Limitations included human error in recording geocoordinates, difficulty validating recall accuracy, and some challenges familiarizing participants with technological tools. The overall prevalence of missing data for georeferenced items (instances where the respondent reported the police encounter in question, but the geographical information was not provided) was marginally higher than that for other kinds of data in our survey. Across the set of georeferenced items, 17.3–22.8 % respondents answered “do not know” and 1.3–8.8 % refused to answer. Instances where the data was missing for unknown reasons ranged between 2.7 and 3.8 %. Given the sensitivity of the experiences where geo-coordinate information was sought (e.g. instances of physical abuse by police), deploying novel technologies to document precise locations of the encounters may have engendered concerns about possible negative repercussions among some respondents. Whether utilizing geo-referencing technology may impact recall in data collection relating to sensitive or extra-legal behavior or experiences warrants further study. To reduce human error, in subsequent study application of this tool, we have developed a software plug-in that transmits geocoordinate information directly to QDS, minimizing the risk of human data entry error.
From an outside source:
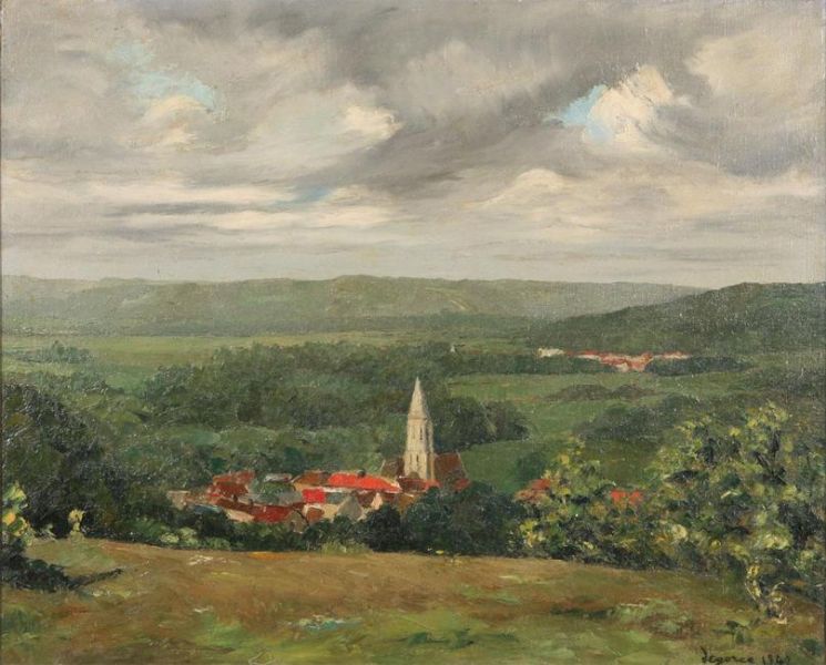 Hilly landscape with village and church tower.

Open-source tools such as OpenStreetMap are available as alternatives to the use of proprietary Google Enterprise tools described here.

Conclusion

In this study, using Google Enterprise tools to identify and pinpoint geo-coordinates for survey responses among a sample of PWID proved feasible and efficient. Using this methodology, we were able to operationalize spatial surveillance of the structural determinants of HIV among hard-to-reach populations, making it possible to better target structural public health interventions. Future research should include validation and reliability analyses, cost-effectiveness, and qualitative research drawing on these geospatial data to assess user experiences, respondent confidentiality concerns, and to construct geonarratives.